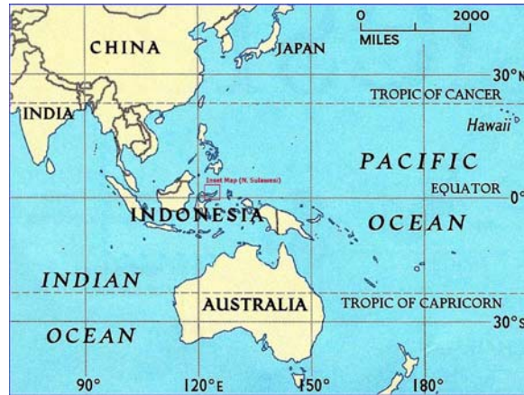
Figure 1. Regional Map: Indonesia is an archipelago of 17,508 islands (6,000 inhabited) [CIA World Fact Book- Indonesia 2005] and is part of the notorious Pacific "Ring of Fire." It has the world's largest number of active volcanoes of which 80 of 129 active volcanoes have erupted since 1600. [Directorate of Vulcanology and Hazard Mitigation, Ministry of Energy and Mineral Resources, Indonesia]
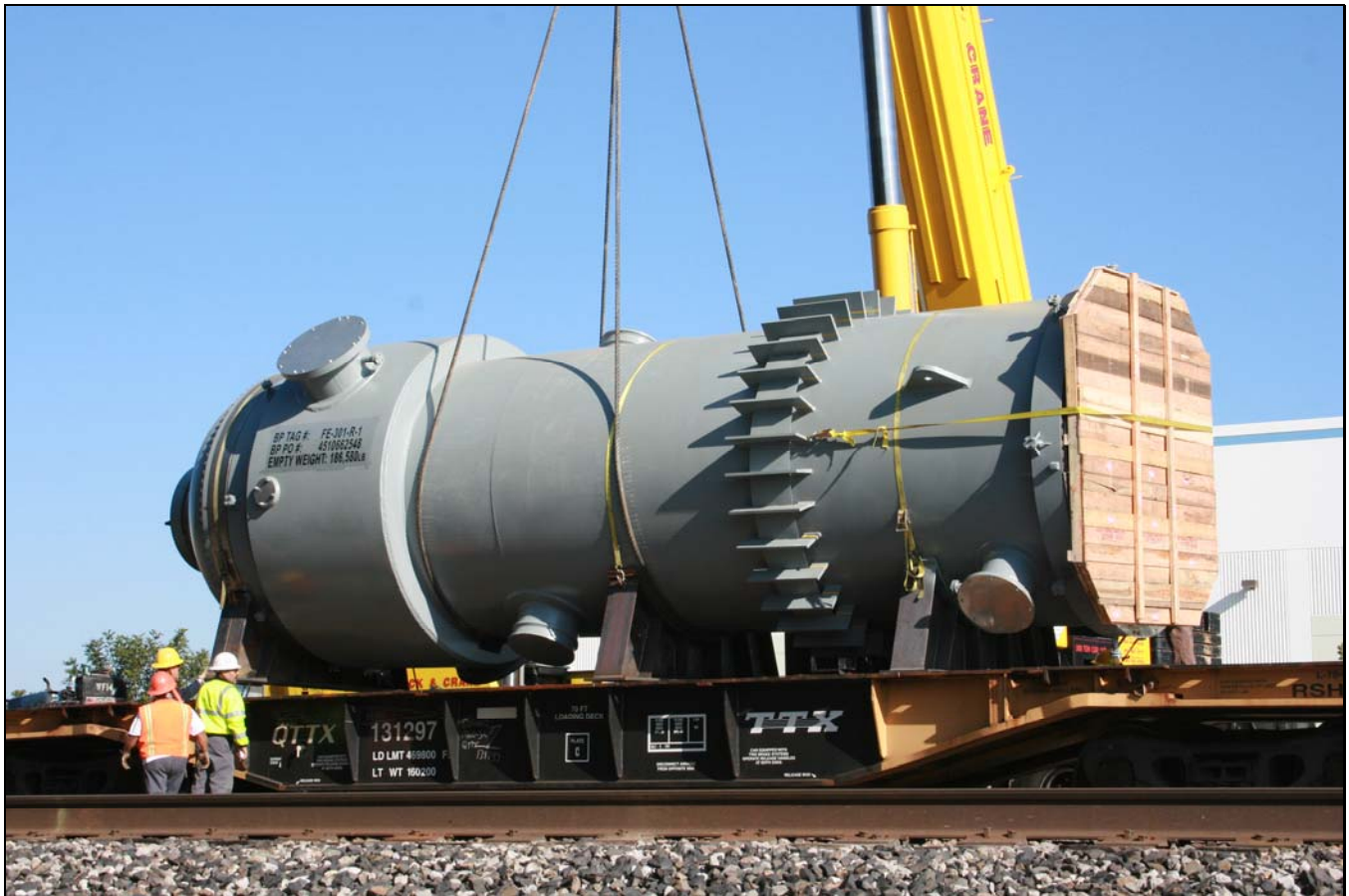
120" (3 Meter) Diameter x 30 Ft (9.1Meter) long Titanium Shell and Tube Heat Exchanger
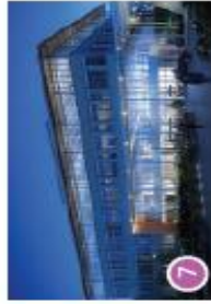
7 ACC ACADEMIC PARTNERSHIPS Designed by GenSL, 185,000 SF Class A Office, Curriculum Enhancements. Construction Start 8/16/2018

» WHAT YOU HAVE TO DO
Pictures excluded, repeat the material above from its first line through the line containing "Tube Heat Exchanger", both included.

» EXERCISE SOLUTION
Figure 1. Regional Map: Indonesia is an archipelago of 17,508 islands (6,000 inhabited) [CIA World Fact Book- Indonesia 2005] and is part of the notorious Pacific "Ring of Fire." It has the world's largest number of active volcanoes of which 80 of 129 active volcanoes have erupted since 1600. [Directorate of Vulcanology and Hazard Mitigation, Ministry of Energy and Mineral Resources, Indonesia]
120" (3 Meter) Diameter x 30 Ft (9.1Meter) long Titanium Shell and Tube Heat Exchanger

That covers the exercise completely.